How to complete this task:
Repeat every entry exactly. Pictures stay out.

Source records
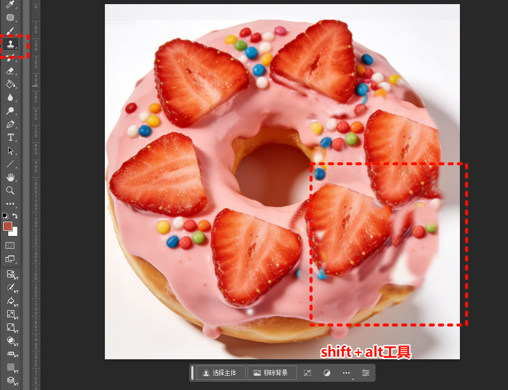 - 按住键盘「Alt 键」,鼠标移动到图片中 “完好的部分”(比如甜甜圈完整的另一半),点击一下选中参考区域(此时鼠标会变成十字形,代表成功取样);
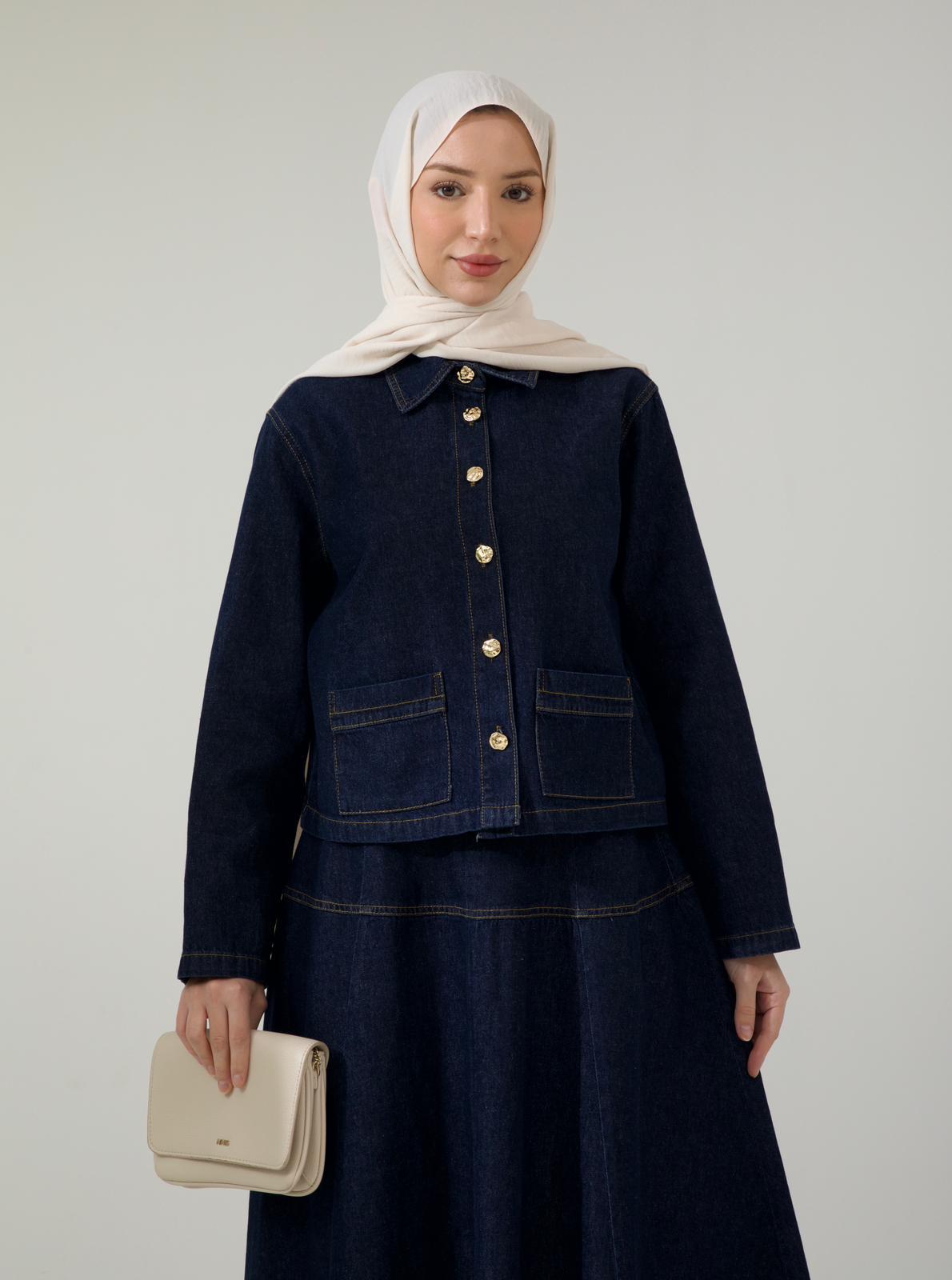 مجموعة جاكيت وتنورة دنيم باللون الأزرق الداكن
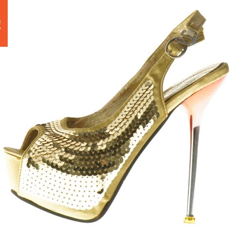Disse stilfulde stilethæle har en gylden farve og er prydet med små glitrende sten. De har en høj hæl og en platform for ekstra komfort. Skoene er i størrelse 37 og har en lukket tå. Ideelle til festlige lejligheder eller en aften ude.
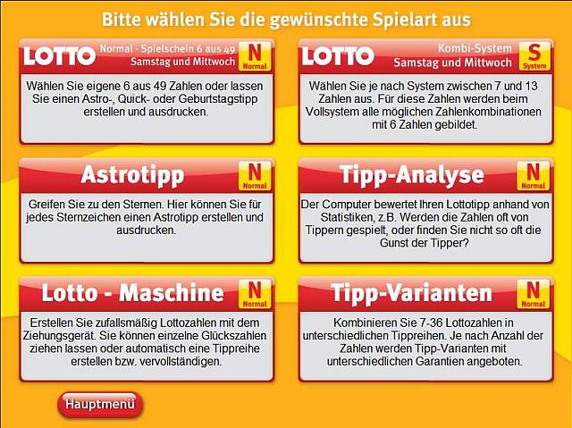 Wieder zurück beim Hauptmenü wird diesmal die Lotto-Maschine gewählt.
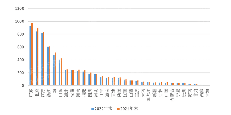 2021,2022年新三板企业的地区分布基本相同,以2022年为例,广东有925家,但青海西藏分别只有10家和2家,整体呈现自东向西,自南向北递减的趋势,反映出目前地区发展仍有较大的不平衡。目前投资资本主要集中在北上广等地区,而相应的这些地区的上市公司数量最多,因此会导致资本只在极个别地区循环,难以流通到全国范围内发挥更大的作用。
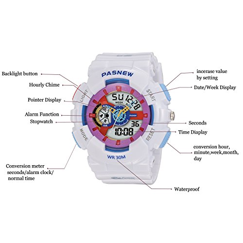 MULTI-FUNCTIONAL: Calendar Date Week Month, Alarm, time/date, EL night-light makes it easier to see time in bright light, boasts 3 ATM water-resistant for swimming, Alarm, Stopwatch, Hourly chime, 12/24 hour for mart
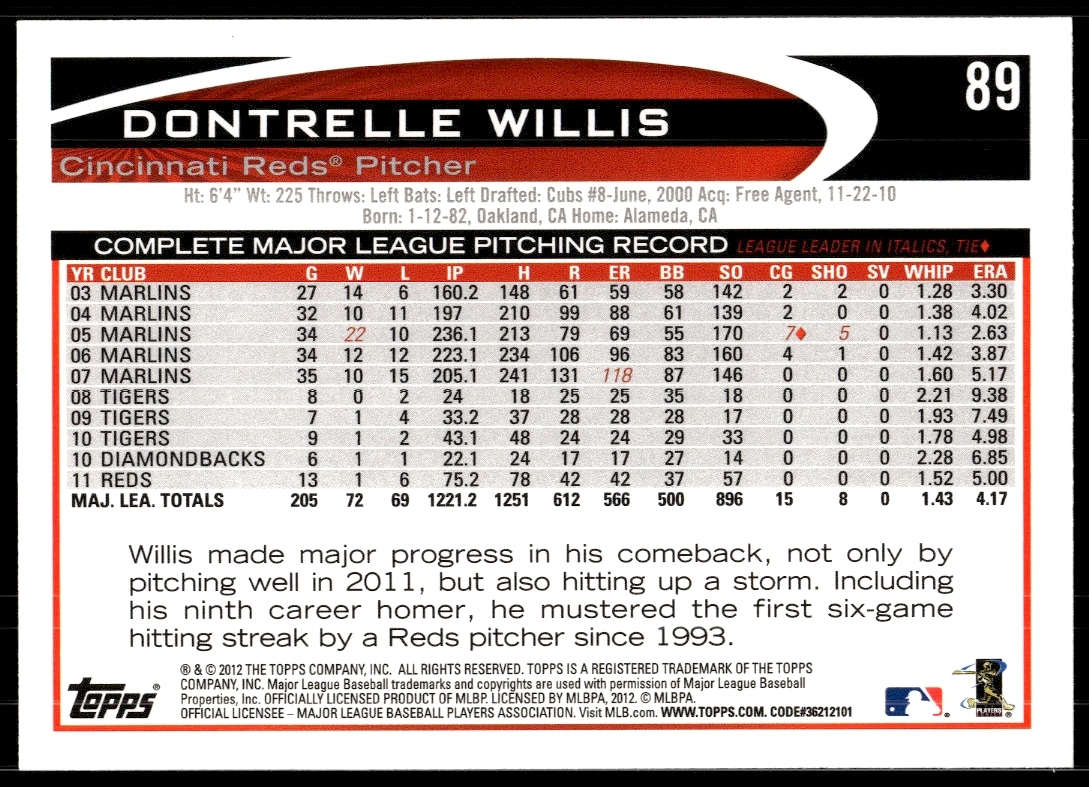 This Baseball card, from 2012 is part of the Topps card set. Dontrelle Willis is featured and has a card number of 89.

Response to this exercise:
 - 按住键盘「Alt 键」,鼠标移动到图片中 “完好的部分”(比如甜甜圈完整的另一半),点击一下选中参考区域(此时鼠标会变成十字形,代表成功取样);
 مجموعة جاكيت وتنورة دنيم باللون الأزرق الداكن
Disse stilfulde stilethæle har en gylden farve og er prydet med små glitrende sten. De har en høj hæl og en platform for ekstra komfort. Skoene er i størrelse 37 og har en lukket tå. Ideelle til festlige lejligheder eller en aften ude.
 Wieder zurück beim Hauptmenü wird diesmal die Lotto-Maschine gewählt.
 2021,2022年新三板企业的地区分布基本相同,以2022年为例,广东有925家,但青海西藏分别只有10家和2家,整体呈现自东向西,自南向北递减的趋势,反映出目前地区发展仍有较大的不平衡。目前投资资本主要集中在北上广等地区,而相应的这些地区的上市公司数量最多,因此会导致资本只在极个别地区循环,难以流通到全国范围内发挥更大的作用。
 MULTI-FUNCTIONAL: Calendar Date Week Month, Alarm, time/date, EL night-light makes it easier to see time in bright light, boasts 3 ATM water-resistant for swimming, Alarm, Stopwatch, Hourly chime, 12/24 hour for mart
 This Baseball card, from 2012 is part of the Topps card set. Dontrelle Willis is featured and has a card number of 89.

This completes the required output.